If still tied, they vote again the next day, at which point that’s it. (Unless the matter is really pressing, in which case they will hope for a miracle, or something. Really! Go read the rules at the above link.) So the PRI will need 251 votes to pass legislation through the lower house. With the Panal plus one independent or PAN defector, they will have it.
Which brings us to Elba Esther Gordillo and the Panal. Gordillo heads the national teachers union (SNTE). Now, I am aware that Republicans like to prattle on about the power of the teachers unions in the United States. That is because Republicans do not know what a real union looks like. Gordillo is immensely powerful, and immensely corrupt. Frex, on an official salary of $26,910 a year she somehow bought a house in San Diego for $1.7 million, in the same neighborhood as Mitt Romney.
The SNTE was part of the PRI machine, but split in 2006 to support the PAN. As part of that split, the union created its own political party, the Panal. Lest there be some confusion, Patrick Corcoran reminds us that the top two positions in the Panal bureaucracy went respectively to Gordillo’s daughter and Gordillo’s personal secretary. Gordillo could have just thrown her votes to the PAN directly, but creating a party gave her more flexibility ... and access to federal election subsidies. Panal did not run a presidential candidate in ‘06, but it did picked up nine seats in the House and elected one senator.

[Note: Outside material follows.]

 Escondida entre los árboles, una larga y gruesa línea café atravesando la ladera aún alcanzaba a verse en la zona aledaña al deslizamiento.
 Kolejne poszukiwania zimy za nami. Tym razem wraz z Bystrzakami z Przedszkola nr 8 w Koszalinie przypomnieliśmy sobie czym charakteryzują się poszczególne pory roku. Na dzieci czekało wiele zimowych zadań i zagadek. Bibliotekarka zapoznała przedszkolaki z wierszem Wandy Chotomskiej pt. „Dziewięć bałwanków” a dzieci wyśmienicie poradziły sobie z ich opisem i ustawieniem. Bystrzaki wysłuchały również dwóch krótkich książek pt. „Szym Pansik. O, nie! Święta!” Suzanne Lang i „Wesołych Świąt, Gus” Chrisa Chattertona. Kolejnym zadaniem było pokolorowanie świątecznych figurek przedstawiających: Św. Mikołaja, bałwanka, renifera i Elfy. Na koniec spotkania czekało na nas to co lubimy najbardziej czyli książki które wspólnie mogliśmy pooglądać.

This year, Panal ran its own candidate for president, the hapless and vaguely hipster-looking Gabriel Quadri. The reason was to leave Gordillo’s options open for post-election negotiations. The SNTE has 1.2 million members and managed to pull in about that many votes for Quadri, plus 1.7 million votes for the Panal’s congressional slate, enough for ten deputies and a senator.

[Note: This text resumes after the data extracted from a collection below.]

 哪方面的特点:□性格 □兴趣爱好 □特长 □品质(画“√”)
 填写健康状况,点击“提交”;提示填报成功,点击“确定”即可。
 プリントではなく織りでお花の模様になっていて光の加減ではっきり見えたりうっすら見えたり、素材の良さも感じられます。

Now, my prediction is that given its internal splits, the PAN will not resort to a Republican-style strategy of unified opposition. That will reduce Gordillo’s leverage. That said, she will be the PRI’s easiest route to a working majority in the lower house, giving her something close to a veto. In other words, it is probably the best possible result from La Maestra’s point of view.
But it is a bad result for Mexico. Not the worst, but bad. For those who still wonder why (the $1.7 million house wasn’t enough?) read this article from the Economist.
Ms. Gordillo is not the sort of person you want in a position of power, and this election gives her more power.
By way of a small clarification, Nueva Alianza did run a candidate in '06: Roberto Campa, who completely disappeared from the spotlight after the election.
Nueva Alianza getting enought votes to keep registration is bad enough news, but I agree that their resulting bargaining position is just terrible.
Posted by: Francisco | July 12, 2012 at 10:18 PM
(Slaps forehead.) That's right. He was the guy who campaigned for any vote for the party, right? "Don't vote for me, just give us a vote for, you know, any office," or something.
Posted by: Noel Maurer | July 13, 2012 at 07:26 AM
I haven't looked at the data but maybe its related to the butterfly ballot like way of voting in Mexico? In districts where the PVEM and the PRI did not form a coalition there were probably a lot of null votes because people got confused and voted for two candidates.